The Master concluded:

“Pursuant to her acceptance of the Defendant’s Part 36 offer, the Claimant is entitled to her costs to be assessed on the standard basis, if the amount of costs is not agreed.

… In carrying out a detailed assessment I am obliged, pursuant to CPR 44.5(1), to have regard to all the circumstances, one of which is the fact that costs were unreasonably incurred by the premature issue of the proceedings. I must also have regard, pursuant to CPR 44.5(3), to the conduct of the parties, including in particular the efforts made, if any, before and during proceedings in order to try and resolve the dispute.

… In carrying out this detailed assessment the first decision that I have reached is that the Claimant’s costs have been unreasonably incurred as a result of the Claimant issuing proceedings prematurely. My second decision is that the costs claimed are disproportionate. The next step I have to take is to assess those costs to which the Claimant is reasonably entitled. To do this I must have regard to the factors set out in 44.5(3). Having regard to those factors I conclude that the Claimant should recover those costs that she would have recovered had she acted reasonably. I consider that it is within my discretion, if I consider it to be unnecessary, not to carry out a line by line assessment to enable me to decide what costs it is reasonable for the paying party to pay and whether it is reasonable for the paying party to have to pay more than would have recoverable if an alternative regime applied. I have not been referred to any requirement in CPR for a Costs Judge to carry out a line by line assessment in order to decide the amount of costs that it is reasonable for the paying party to have to pay. In this case, I am satisfied that had the Claimant acted reasonably, then her Solicitors would not have been entitled to recover any more than fixed recoverable costs and it seems to me that it would create an injustice if they were to profit as a result of their unreasonable conduct. Having made that decision it is not necessary for me to carry out a line by line assessment.
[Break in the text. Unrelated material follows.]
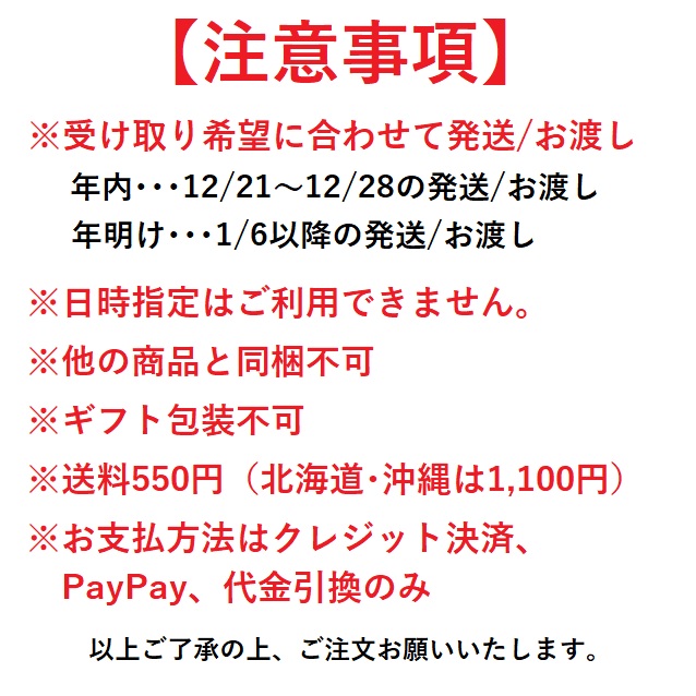 年内(12/21~12/28の発送、お渡し)
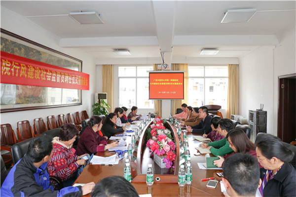 2017年3月27日下午,一附院2017年行风建设社会监督员聘任仪式暨座谈会在办公楼六楼会议室举行。来自社会各行各业的人员共8名被聘任为一附院新一届行风建设社会监督员。一附院常务副院长兼仙葫院区院长桂雄斌以及院办、医务部、护理部、宣传策划办、医保办、门诊部、财务科、药学部、后勤部、行风建设管理办公室、设备科、医患关系协调办公室等部门负责人参加了聘任仪式。聘任仪式由一附院常务副院长桂雄斌主持。

In my judgement, the Court can limit the costs to fixed recoverable costs, and in this case the court should limit the Claimant’s costs to fixed recoverable costs and the court is not necessarily obliged to carry out a line by line assessment of the Claimant’s bill of costs.

… Consequently, I assess the Claimant’s costs at an amount which is equal to those costs that would have been payable under Section II of Part 45 of CPR.”

A sensible and robust decision and a warning to misbehaving claimant solicitors. They can go on Santa’s naughty list.


4 thoughts on “Santa’s naughty list

  1. I know there has been chatter recently re pre-proceedings Part 36 acceptance and therefore “standard basis” costs versus fixed recoverable costs but my understanding has always been that “standard basis costs” does not mean “not fixed costs” that is, the RTA fixed recoverable costs is still open to a standard basis or indemnity basis assessment as issues as to recoverability of additional liabilities (i.e. notification issues) and disbursements (no fixed amounts for those) still require a test of reasonableness, necessity etc. I think Claimants take “standard basis” to be “costs at hourly rates” when in reality that is not the case surely?

  2. Think the court of appeal have just determined a similar issue in a case upheld on appeal from a decision by HHJ Platts in Manchester.
    Solomon v Cromwell …i knew the name would come.